- Born: Nadine Rose Mulkerrin 23 June 1993 (age 33) Leeds, West Yorkshire, England
- Education: St. Mary's Catholic Comprehensive School; York College;
- Occupation: Actress
- Years active: 2007–present
- Television: Hollyoaks (2015–2022, 2024–present)
- Partner(s): Rory Douglas-Speed (2018–present; engaged)
- Children: 2

= Nadine Mulkerrin =

English actress (born 1993)

Nadine Rose Mulkerrin (born 23 June 1993) is an English actress, known for playing Cleo McQueen in the Channel 4 soap opera Hollyoaks from 2015 until 2022 and since 2024. For her portrayal of Cleo, she has been nominated for Best Female Dramatic Performance at the British Soap Awards three times.

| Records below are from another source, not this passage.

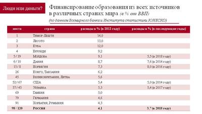 Вот вам данные ЮНЕСКО и Мирового банка: в 2012 году по этому показателю мы занимали 98-е место, а в 2018 – 120-е.
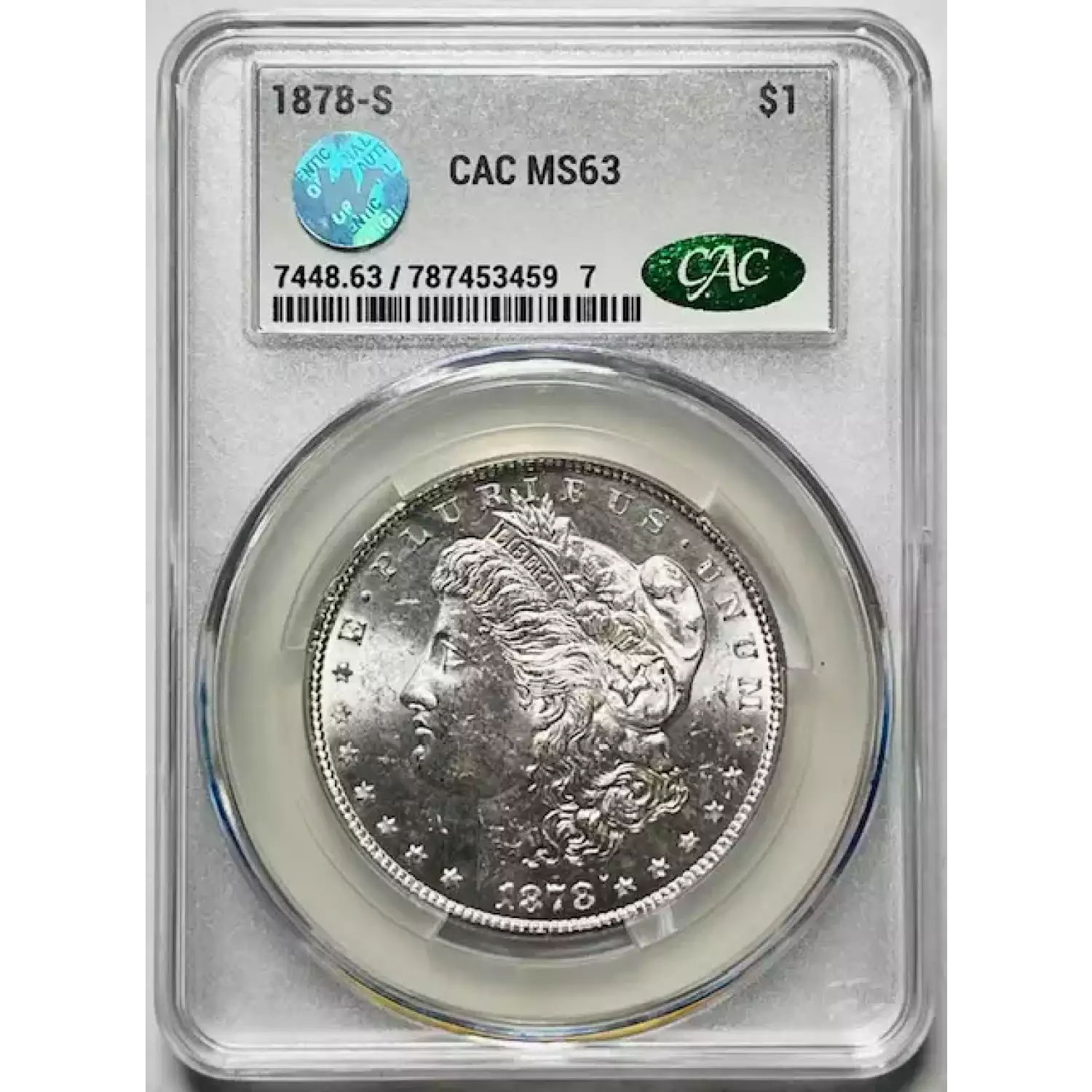 1878-S-S Morgan Silver Dollar CACG MS 63 CAC, Sight White
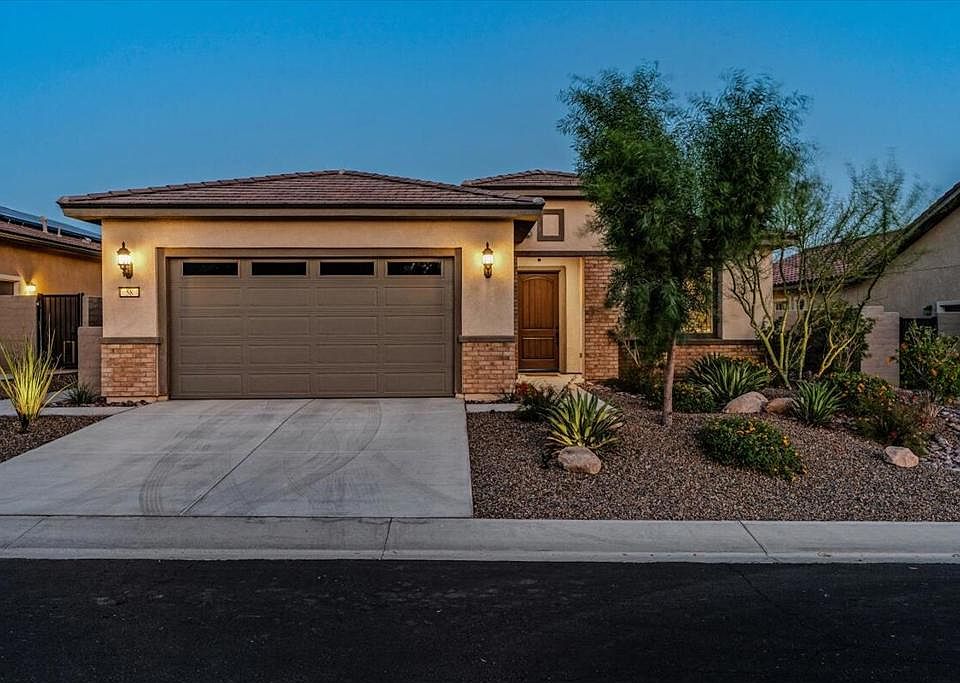 Upgrades! Upgrades! Upgrades! Phase 3, Plan 4 Prairie Sanctuary located in the prestigious 55+ community of Del Webb Rancho Mirage. Lovingly maintained, featuring some of the most requested upgrades starting with the extra wide 42'' front door and 4' expanded, air conditioned, epoxy floor garage with custom cabinetry, tray ceiling package in the entry & primary, solar tube lit entry hall, 12X24'' porcelain tile, Arch Package, recessed lighting, ceiling fans, whole house Wi-Fi booster, and Genta by Moen faucets. The chef's dream kitchen includes upgraded quartz counters, Executive Island, farmhouse sink, and top-of-the-line KitchenAid Stainless Steel Appliances and Bespoke refrigerator by Samsung. Under cabinet lighting, custom backsplash, and pendants over the island complete this dream space. The primary bath includes an upgraded roll-in shower, grab bars, vanity lighting, and large walk-in closet. This gorgeous home includes a whole house water conditioning system, silhouette roller shades throughout, power external zipper shade system for easy indoor/outdoor living, and an affordable leased Tesla Solar system for only $57.92/month all just 1/2 block away from the stunning Del Webb clubhouse with two pools, hot-tub, gym, pickleball courts, and so much more!
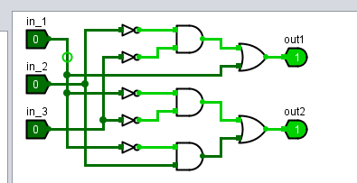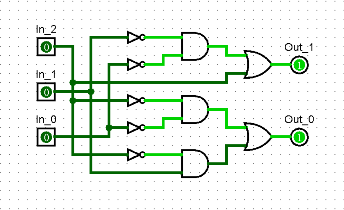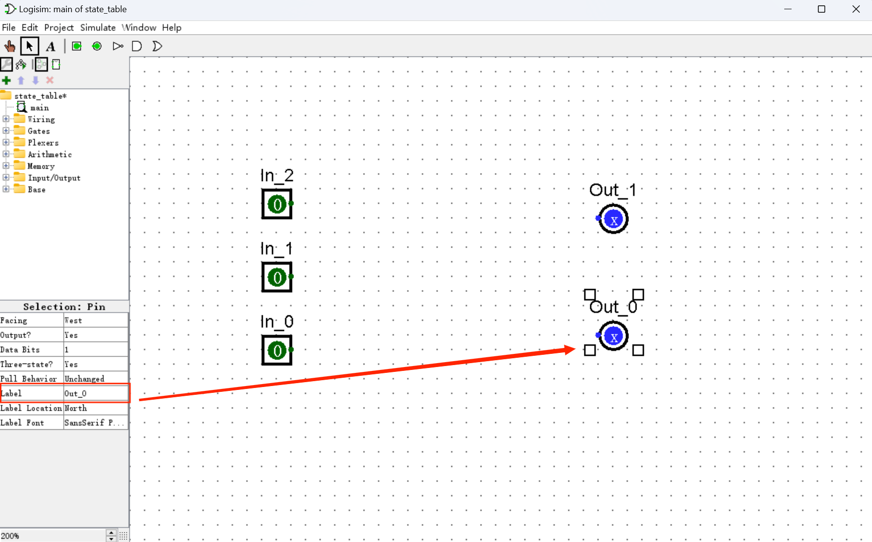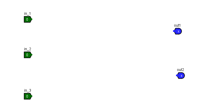 首先在 Logisim 中新建一个电路图(电路名称自拟),在电路图中放置输入引脚,有几个输入就放几个引脚,按同样的方式放置输出引脚。放置完毕后,给所有引脚标上标号,并按高低位顺序排列。对于表 1,我们的输入引脚为三个,输出引脚为两个。完成后的效果如下图所示。
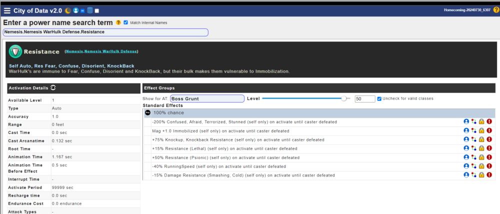 8. Keep in mind the difference between mez magnitude and mez resistance. Magnitude for PvE is generally going to match up with the rank of the enemy -- bosses are mag 3, which means they will not be affected by a mez unless it is higher than 3 or unless it stacks higher than 3. How long it does effect them is going to relate to their mez resistance, and I'm not 100% on the mechanics of that. I know, for example, that if a player has 100% resistance to a mez effect, then it cuts the time in half. However, there also seems to be a shortcut for some enemies, for example: https://cod.uberguy.net/html/power.html?power=nemesis.nemesis_warhulk_defense.resistance&at=boss_grunt Warhulks are listed as being immune to fear, confuse, disorient, and knockback, but vulnerable to immobilization. This manifests as an automatic +1 mag immobilize (so that you only need to stack with something greater than 2 to immobilize), a +75% knock* resistance (which I don't really understand), and a -200% confuse/afraid/terrorized/stunned (which confuses me again). I'm working off the assumption that the -200% is a shortcut to immunity because maybe -100% isn't enough in some circumstances, but this is not the same as, say, a +200% resistance, which if a player had would reduce the time of the effect to 1/3 regular time.
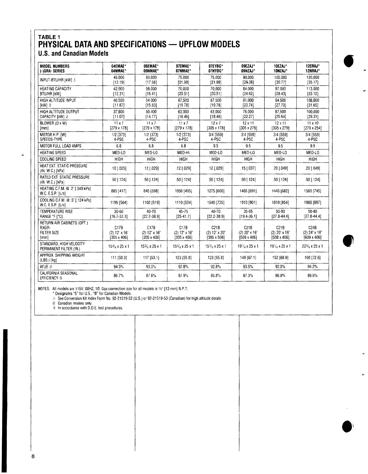 PHYSICALDATA - MODELSAND SPECIFICATIONS UPFLOW
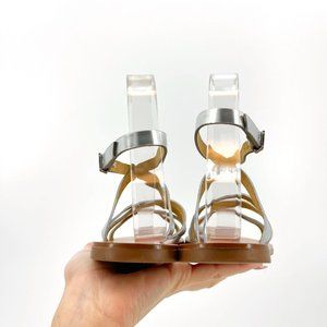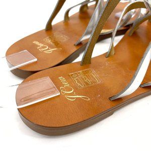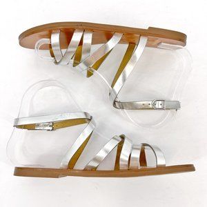 SOLD J. Crew Silver Mirror Metallic Leather Cross Strap Strappy Flat Sandals 6
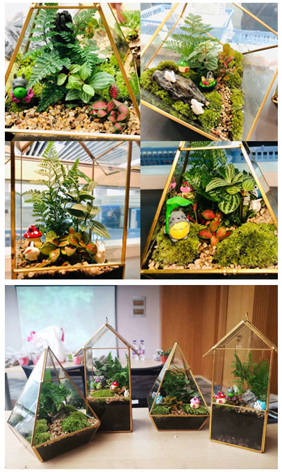在老师的指导下,大家倾注自己的创意,享受DIY的乐趣。经过一个多少小时的精心制作,一盆盆造型别致,独一无二的微世界呈现在眼前。

==Early and personal life==
Nadine Rose Mulkerrin was born on 23 June 1993 in Leeds, West Yorkshire. Mulkerrin went to school at St. Mary's Catholic Comprehensive School in West Yorkshire. In 2010 and at 17 years old, she left school in pursuit of a career in acting. She attended York College and graduated in 2011, after earning a National Diploma in acting. While at York College, she auditioned for the Academy of Live and Recorded Arts, who offered her a place. However, she declined and "chose not to go down the drama school route".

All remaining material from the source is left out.